We already know about the Zephyr’s last record, the one week spent aloft representing the record for continuous flight time by an unmanned craft. But just this week, the Federation Aeronautique Internationale over in Switzerland confirmed the Zephyr had taken out two others as well. The Zephyr now holds the record for flight duration in its class (which you’d think would be a given since it broke the record for flight duration among any class), and also the record for highest altitude achieved by an unmanned craft in the 50 to 500 kilogram (about 110 to 1100 pounds for the non-metrics out there) class.
And as it turns out, FAI issued a bit of an update: turns out that the record for unmanned autonomous flight, which had been previously held by the United States’ Global Hawk from Northrup Grumman, was actually beat by a factor of 11, at 336 hours, 22 minutes, and eight seconds total.

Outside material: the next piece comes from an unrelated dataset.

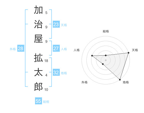 加治屋 拡太郎さんの天格は23画の5点

Already the various military forces of the world are looking at the Zephyr (and the like) as a way to provide surveillance and target tracking for extended periods of time without need for refueling, largely owed to the entirely solar-powered operating capability as well as its extremely light-weight construction (it’s built out of mostly carbon fiber and weighs only about 110 pounds).
How long before we start seeing more Zephyrs hit, possibly capable of carrying at least one person, and ushering in an era of lightweight personal aircraft? Sadly, probably never. But the ideas are there, and maybe they can be transferred effectively to making electric cars perform better, or offer some other applications.